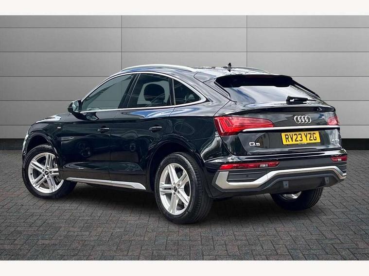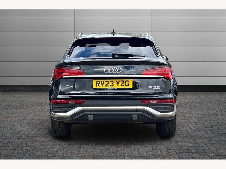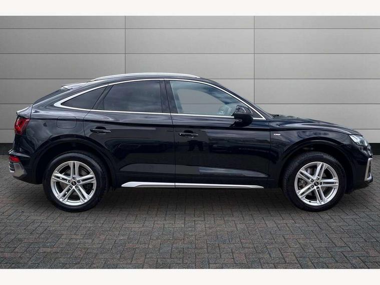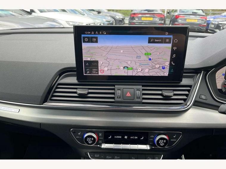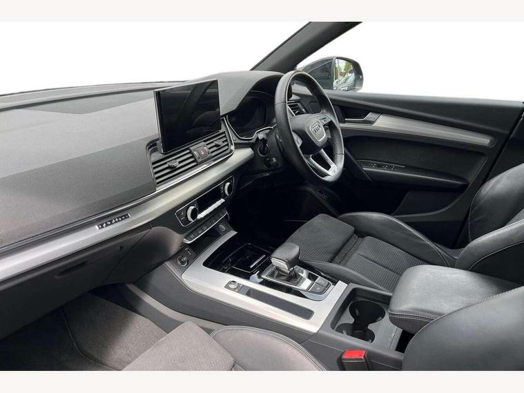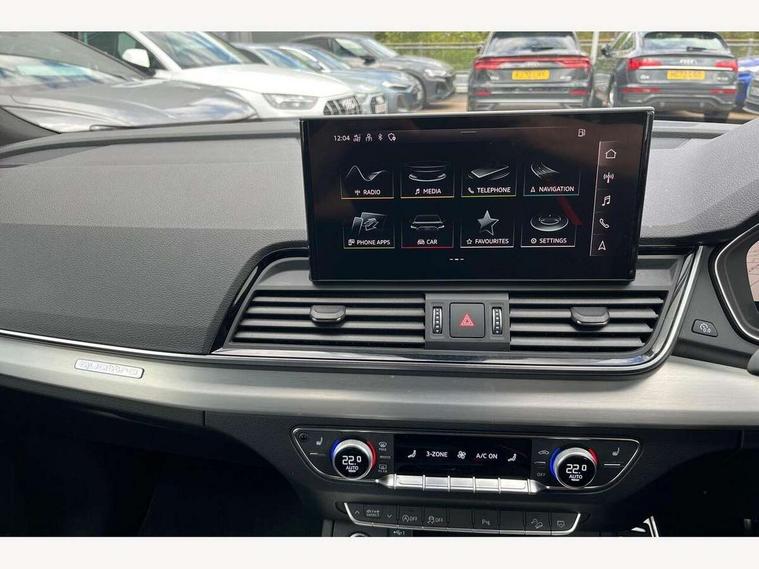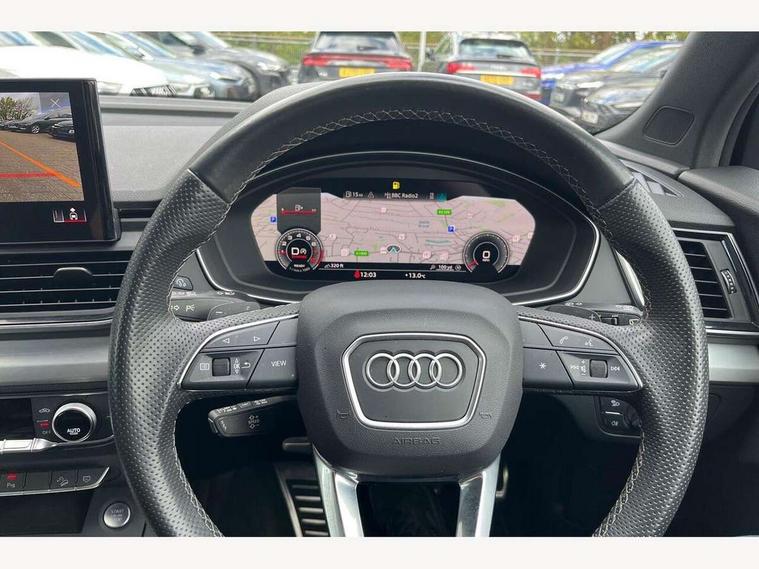 Acoustic front and rear parking sensor, Audi connect safety and service (e-call), Audi connect with Amazon Alexa Integration, Audi drive select, Audi virtual cockpit plus with 12.3" screen and three different layout designs, Audi wireless smartphone interface, Automatic start-stop system with coasting functionality and efficiency programme, Bluetooth interface, Electro - mechanical power assisted steering, MMI navigation plus with 10.1" touch screen, Power tailgate, Reversing camera, Service interval indicator, Voice control system with Audi hotword activation "Hey Audi", Quattro on demand, S line sports suspension, 2 x USB charging port with aux input socket, 8 loudspeakers, DAB Digital radio, Acoustic windscreen, Aluminium roof rails, Audi matrix LED headlights with dynamic front and rear indicators, Auto dimming door mirrors, Auto dimming frameless rear view mirror, Automatic headlight adjustment, Automatic headlights and windscreen wipers, Body colour door mirrors, Body colour rear diffuser with matt aluminium silver surrounds, Body colour underbody protection, Chrome plated exhaust trims, Daytime running lights, Door sills in Selenite silver, Electric adjustable/heated/folding door mirrors, Front air inlet surrounds in aluminium, Front and rear electric windows, Front radiator grille in honeycomb design, Headlight washers, High level LED brake light, Lower bumpers painted in contrast Manhattan grey, Rear chrome trim strip below lights, Rear privacy glass and rear side windows, Rear side wing doors, Rear wiper, Roof bars, S Line badges on the front wings, S Line front and rear bumpers, S Line rear spoiler, S Line side skirts, 3 rear headrests, 3 spoke leather multifunction steering wheel with S badging perforated leather grips, 40:20:40 split folding 3 rear bench seat in 2nd row with rear centre armrest, Black cloth headlining, Comfort front centre armrest, Contrast stitching on seats, steering wheel and gear lever gaiter, Deluxe 3 zone electronic climate control, Front head restraints, Front/rear floor mats, Gear lever in black leather, Heated front seats, Height/reach adjustable steering column, Illuminated door sill trims with S logo, Manual seat adjustment with 4-way electric lumbar support, Removable luggage compartment floor, Single front passenger seat, Stainless steel pedals, Sunvisors with vanity mirrors, Trunk roller cover, High gloss pack - Q5, LED interior light pack - Q5, 3 point seatbelts on all seats, 6 airbags - Driver, front passenger, curtain and side airbags, Electrically operated child locks on rear doors, Electromechanical parking brake, Electronic stabilisation control including ABS, ASR and EDL, First aid kit with warning triangle and vests, Front passenger airbag deactivation, Hill descent control, Hill hold assist, ISOFIX child seat mounting for front passenger seat and ISOFIX child seat mounting with Top Tether for outer rear seats, Multi collision brake assist, Pop-up bonnet for pedestrian protection, Pre sense city, Seat belt force limiter, Seatbelt monitoring, Tyre pressure warning, Anti theft alarm, Anti-theft wheel bolts, Keyless Go access/ignition system, Remote central locking, Air vents inserts and centre console in gloss black, Matt brushed aluminium inlays,
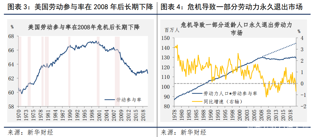 2008年全球金融危機的影響不僅侷限於造成衰退程度之深,更在於其產生的“後遺症”延續時間之久。從居民部門角度看,首先,危機後美國一部分適齡人口工作意願下降,並永久退出勞動力市場(圖表3,圖表4)。從以往規律看,經濟衰退後短期內勞動參與率下降是常見現象,其原因比較複雜,可能是由於對找工作失去信心、對工資制度不滿,或是因為社會保障制度發生變化等。2008年後勞動參與率的下降幅度與歷次衰退比更為突出,如果粗略地取危機前的勞動參與率階段性高位,即2006年四季度的66.4%計算,至2015年四季度共有757.1萬適齡(15-64歲)人口退出勞動力市場,至2019年四季度減少至660.2萬(作為參考,2009年7月至2020年2月美國新增非農就業總和約2200萬)。這不僅指向勞動力市場供給下降,也側面反應了部分居民對工作的態度轉變,而勞動參與率只是幫助其量化的一個維度。
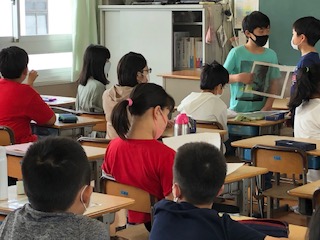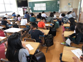 朝の教室、6年生です。会話に学び合いシートを使っているのが、コロナ予防の意識が感じられました。毎日プリントに取り組んでいるクラスもありました。
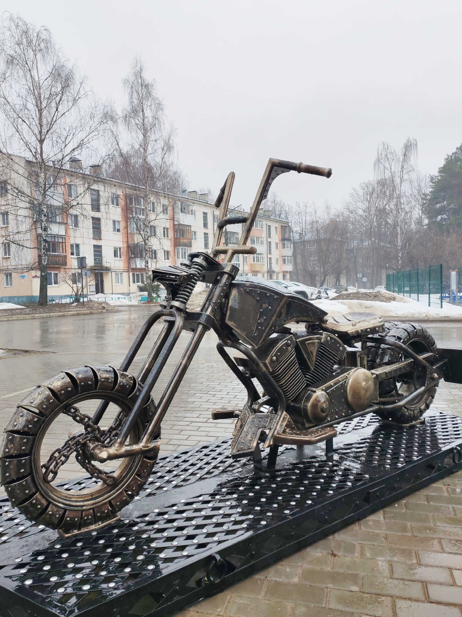 metal sculpture of a motorcycle, a custom-built chopper, on display outdoors in what appears to be the city of Chaikovsky, Russia
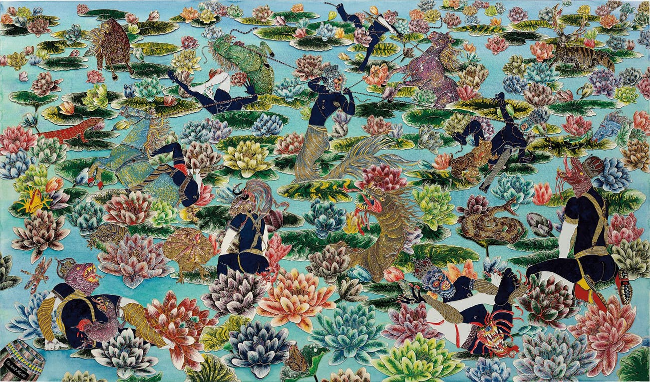 Signed, titled and dated 'Raqib Shaw "The Mild-Eyed Melancholy of The Lotus-Eaters II' 2009 on the reverse. Further Signed and dated 'Raqib Shaw 2009' on the reverse.
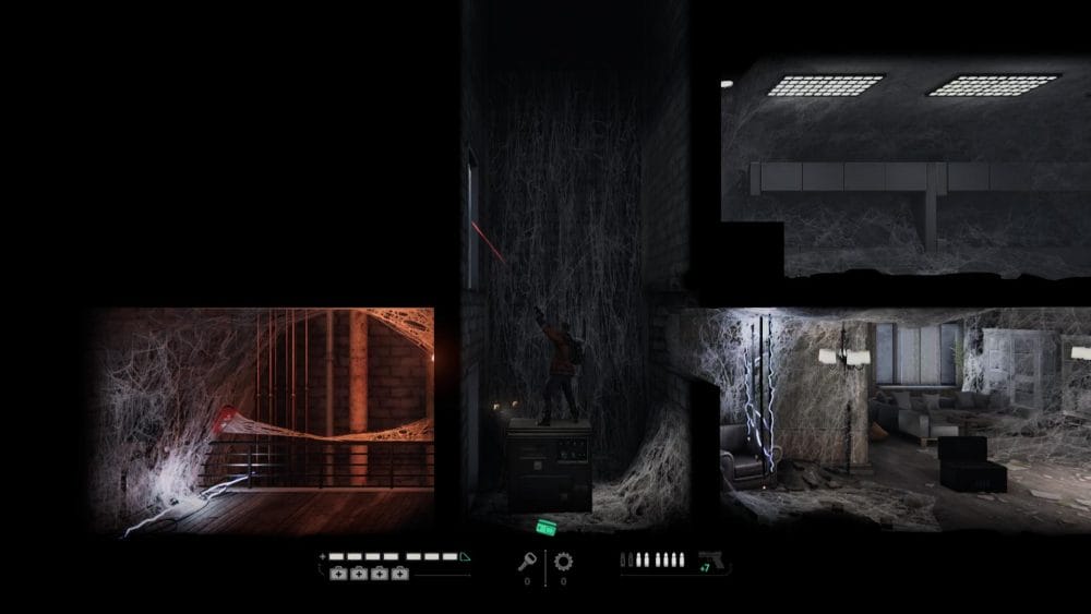 Water 7 – Continue through the demolished shopping mall and you’ll climb through a high window to find yourself back at the corridor full of electrified cables. Head to the left and smash the floor near the elevator. Use the metal crate to break the web, and shoot the fuse box through the hole in the wall behind the crate.

————————

Apart from the pictures, repeat the data above exactly.

 Acoustic front and rear parking sensor, Audi connect safety and service (e-call), Audi connect with Amazon Alexa Integration, Audi drive select, Audi virtual cockpit plus with 12.3" screen and three different layout designs, Audi wireless smartphone interface, Automatic start-stop system with coasting functionality and efficiency programme, Bluetooth interface, Electro - mechanical power assisted steering, MMI navigation plus with 10.1" touch screen, Power tailgate, Reversing camera, Service interval indicator, Voice control system with Audi hotword activation "Hey Audi", Quattro on demand, S line sports suspension, 2 x USB charging port with aux input socket, 8 loudspeakers, DAB Digital radio, Acoustic windscreen, Aluminium roof rails, Audi matrix LED headlights with dynamic front and rear indicators, Auto dimming door mirrors, Auto dimming frameless rear view mirror, Automatic headlight adjustment, Automatic headlights and windscreen wipers, Body colour door mirrors, Body colour rear diffuser with matt aluminium silver surrounds, Body colour underbody protection, Chrome plated exhaust trims, Daytime running lights, Door sills in Selenite silver, Electric adjustable/heated/folding door mirrors, Front air inlet surrounds in aluminium, Front and rear electric windows, Front radiator grille in honeycomb design, Headlight washers, High level LED brake light, Lower bumpers painted in contrast Manhattan grey, Rear chrome trim strip below lights, Rear privacy glass and rear side windows, Rear side wing doors, Rear wiper, Roof bars, S Line badges on the front wings, S Line front and rear bumpers, S Line rear spoiler, S Line side skirts, 3 rear headrests, 3 spoke leather multifunction steering wheel with S badging perforated leather grips, 40:20:40 split folding 3 rear bench seat in 2nd row with rear centre armrest, Black cloth headlining, Comfort front centre armrest, Contrast stitching on seats, steering wheel and gear lever gaiter, Deluxe 3 zone electronic climate control, Front head restraints, Front/rear floor mats, Gear lever in black leather, Heated front seats, Height/reach adjustable steering column, Illuminated door sill trims with S logo, Manual seat adjustment with 4-way electric lumbar support, Removable luggage compartment floor, Single front passenger seat, Stainless steel pedals, Sunvisors with vanity mirrors, Trunk roller cover, High gloss pack - Q5, LED interior light pack - Q5, 3 point seatbelts on all seats, 6 airbags - Driver, front passenger, curtain and side airbags, Electrically operated child locks on rear doors, Electromechanical parking brake, Electronic stabilisation control including ABS, ASR and EDL, First aid kit with warning triangle and vests, Front passenger airbag deactivation, Hill descent control, Hill hold assist, ISOFIX child seat mounting for front passenger seat and ISOFIX child seat mounting with Top Tether for outer rear seats, Multi collision brake assist, Pop-up bonnet for pedestrian protection, Pre sense city, Seat belt force limiter, Seatbelt monitoring, Tyre pressure warning, Anti theft alarm, Anti-theft wheel bolts, Keyless Go access/ignition system, Remote central locking, Air vents inserts and centre console in gloss black, Matt brushed aluminium inlays,
 2008年全球金融危機的影響不僅侷限於造成衰退程度之深,更在於其產生的“後遺症”延續時間之久。從居民部門角度看,首先,危機後美國一部分適齡人口工作意願下降,並永久退出勞動力市場(圖表3,圖表4)。從以往規律看,經濟衰退後短期內勞動參與率下降是常見現象,其原因比較複雜,可能是由於對找工作失去信心、對工資制度不滿,或是因為社會保障制度發生變化等。2008年後勞動參與率的下降幅度與歷次衰退比更為突出,如果粗略地取危機前的勞動參與率階段性高位,即2006年四季度的66.4%計算,至2015年四季度共有757.1萬適齡(15-64歲)人口退出勞動力市場,至2019年四季度減少至660.2萬(作為參考,2009年7月至2020年2月美國新增非農就業總和約2200萬)。這不僅指向勞動力市場供給下降,也側面反應了部分居民對工作的態度轉變,而勞動參與率只是幫助其量化的一個維度。
 朝の教室、6年生です。会話に学び合いシートを使っているのが、コロナ予防の意識が感じられました。毎日プリントに取り組んでいるクラスもありました。
 metal sculpture of a motorcycle, a custom-built chopper, on display outdoors in what appears to be the city of Chaikovsky, Russia
 Signed, titled and dated 'Raqib Shaw "The Mild-Eyed Melancholy of The Lotus-Eaters II' 2009 on the reverse. Further Signed and dated 'Raqib Shaw 2009' on the reverse.
 Water 7 – Continue through the demolished shopping mall and you’ll climb through a high window to find yourself back at the corridor full of electrified cables. Head to the left and smash the floor near the elevator. Use the metal crate to break the web, and shoot the fuse box through the hole in the wall behind the crate.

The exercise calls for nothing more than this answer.